Le 29 juillet 2026 a marqué le 40e anniversaire de la disparition de Germaine L’Herbier-Montagnon (1895-1986). Pour honorer cette figure légendaire, notre ami Gilles Novat,représentant notre association Les Vieilles Tiges, s’est joint à la délégation de l’Armée de l’air,portée par l’espace muséal Caritat de la base aérienne 115 d’Orange. Ils étaient entourés des réservistes, des anciens combattants et des bénévoles, pour se recueillir sur sa tombe, au cimetière de Tournon-sur-Rhône. Un hommage vibrant a ainsi été rendu à cette femme extraordinaire qui voua sa vie aux pilotes perdus. Bien qu’elle n’ait jamais porté l’uniforme militaire, Germaine L’Herbier-Montagnon a marqué l’histoire de l’aviation. Issue d’une lignée de passionnés de l’air, elle intègre en 1936 l’Amicale des infirmières pilotes secouristes de l’Air (IPSA), la section aviation de la Croix-Rouge, dont elle sera la vice-présidente jusqu’en 1952.

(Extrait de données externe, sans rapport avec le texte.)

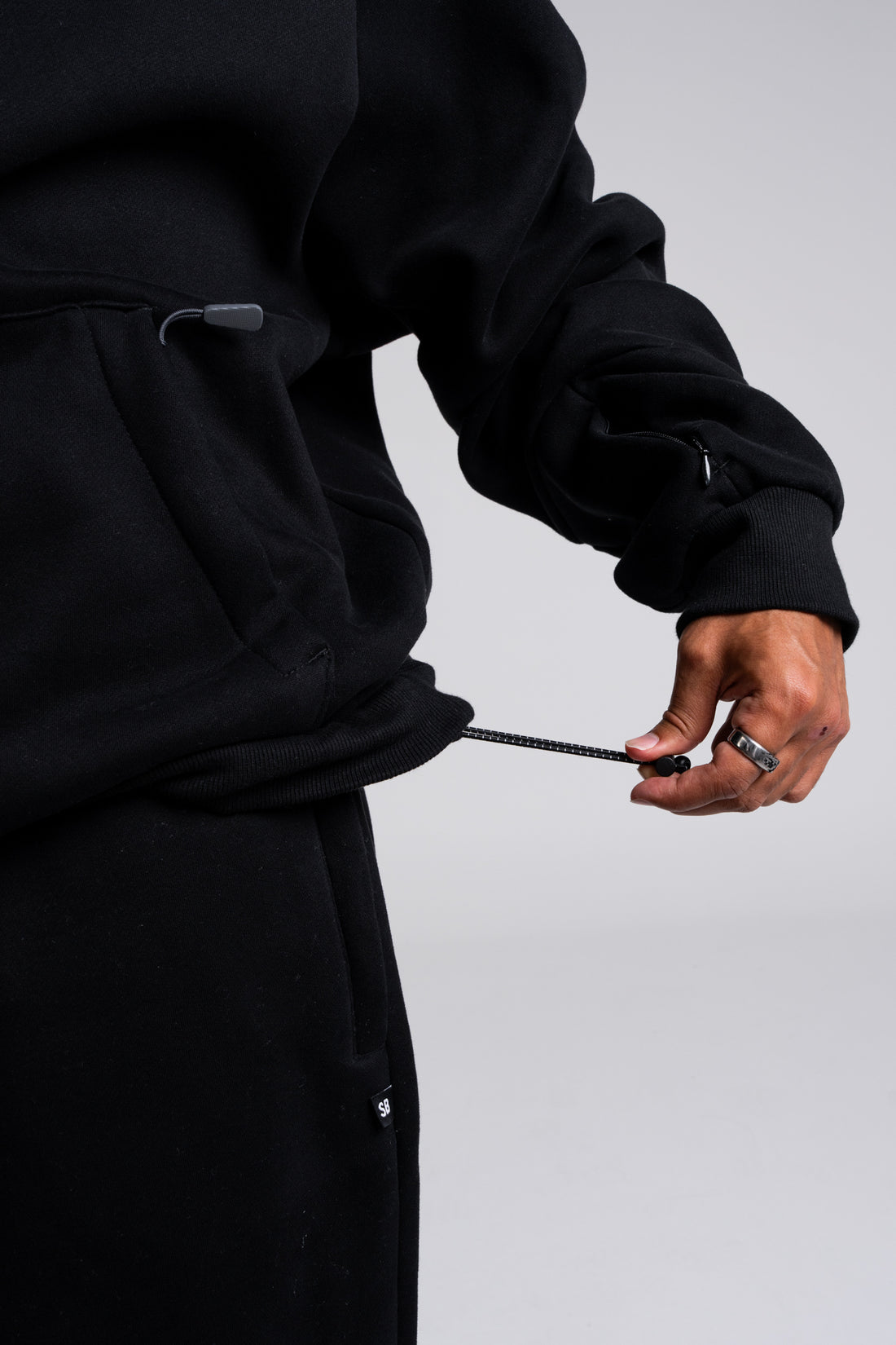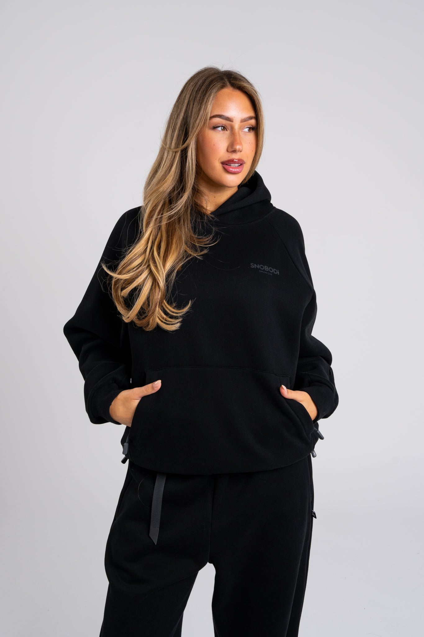 Function stays front and centre. Hand gaiters lock in warmth, the adjustable drawstring hem lets you dial the fit, and secure zip pockets including a discreet lift pass pocket keep essentials in place. The raglan sleeve construction creates a more relaxed, natural feel through the shoulders while maintaining that premium Snobodi structure.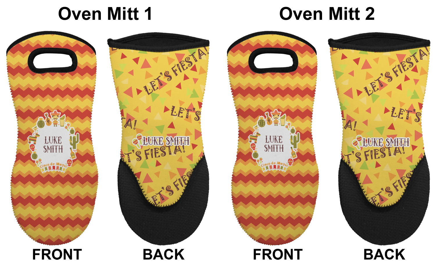These heat resistant gloves are made entirely of a durable neoprene; the front features a softer texture, while the palm's side has a textured surface, meant to handle heat up to 500 degrees Fahrenheit. Thick, heavy duty stitching connects the two sides. A small, oval cutout appears on the front, and can be used to hang and store the mitt. Your personalization appears on the front, and the upper part of the back of the mitt. The style of these oven mitts are suitable for both the right and left hand, depending on your needs. If you need one for each hand, be sure to order two!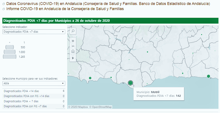 Según la información recogida, a 26 de octubre, en la Costa Tropical los diagnosticados PDIA (Pruebas Diagnósticas de Infección Activa / Test de antígenos de segunda generación) en la última semana serían los siguientes: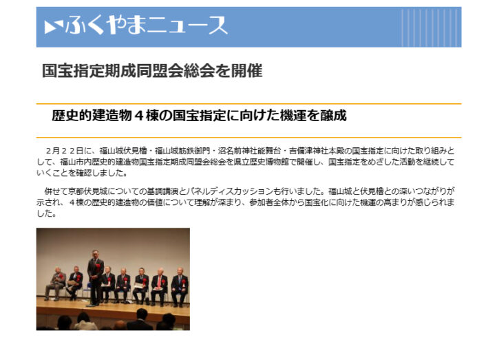 2月22日に、福山城伏見櫓・福山城筋鉄御門・沼名前神社能舞台・吉備津神社本殿の国宝指定に向けた取り組みとして、福山市内歴史的建造物国宝指定期成同盟会総会を県立歴史博物館で開催し、国宝指定をめざした活動を継続していくことを確認しました。

Une traque obstinée contre l’oubli.
En 1940, constatant l’absence totale de structures pour localiser les pilotes abattus en pleine débâcle, elle refuse de rester impuissante. Animée par un altruisme farouche, elle fonde de toutes pièces six compagnies d’infirmières volantes bénévoles. Ensemble, ces femmes défient les dangers de l’Occupation et parcourent des milliers de kilomètres à travers la France. Armée d’une patience infinie et exploitant les indices les plus ténus, son organisation parvient à retrouver la trace de 500 aviateurs français et 13 000 alliés. Son patriotisme ne s’arrête pas là.
En parallèle, elle met sur pied un réseau d’évasion audacieux pour exfiltrer les pilotes rescapés, transformant un simple confessionnal de la cathédrale Notre-Dame de Paris en plaque tournante de la liberté. Devenue suspecte aux yeux de l’occupant, elle est arrêtée par la Gestapo en janvier 1941, avant d’être relâchée faute de preuves. À la Libération, le général Valin, chef d’état-major de l’Armée de l’air, lui demande personnellement de poursuivre sa mission sacrée. Au total, le décret de sa Légion d’honneur lui attribue directement l’identification de 300 aviateurs français et 940 britanniques.
Plume de l’air et mémoire de Tournon.
Le courage de l’infirmière volante a franchi les frontières. Dès 1945, le roi Georges VI l’élève au rang d’Officier de l’Ordre de l’Empire Britannique (OBE). L’année suivante, la France lui
décerne la Légion d’honneur, une distinction qui vient couronner une impressionnante collection de médailles militaires. Femme d’action mais aussi de lettres, elle consacre l’après-guerre à l’écriture pour immortaliser ces missions périlleuses. Son chef-d’œuvre, Disparus dans le ciel, subira la censure allemande : interdit, le livre est brûlé par les nazis en 1943.
En 1952, elle choisit de quitter le tumulte parisien pour retrouver sa terre natale de Tournon-sur-Rhône. Elle y entame alors une seconde vie de chercheuse, troquant l’histoire de l’aviation pour celle de son terroir. Devenue la mémoire vivante de la ville, elle rédige plusieurs ouvrages de référence sur le patrimoine local. Quarante ans après son dernier vol, le souvenir de cette
héroïne au destin exceptionnel reste gravé à jamais dans la mémoire de l’Armée de l’air et de sa commune.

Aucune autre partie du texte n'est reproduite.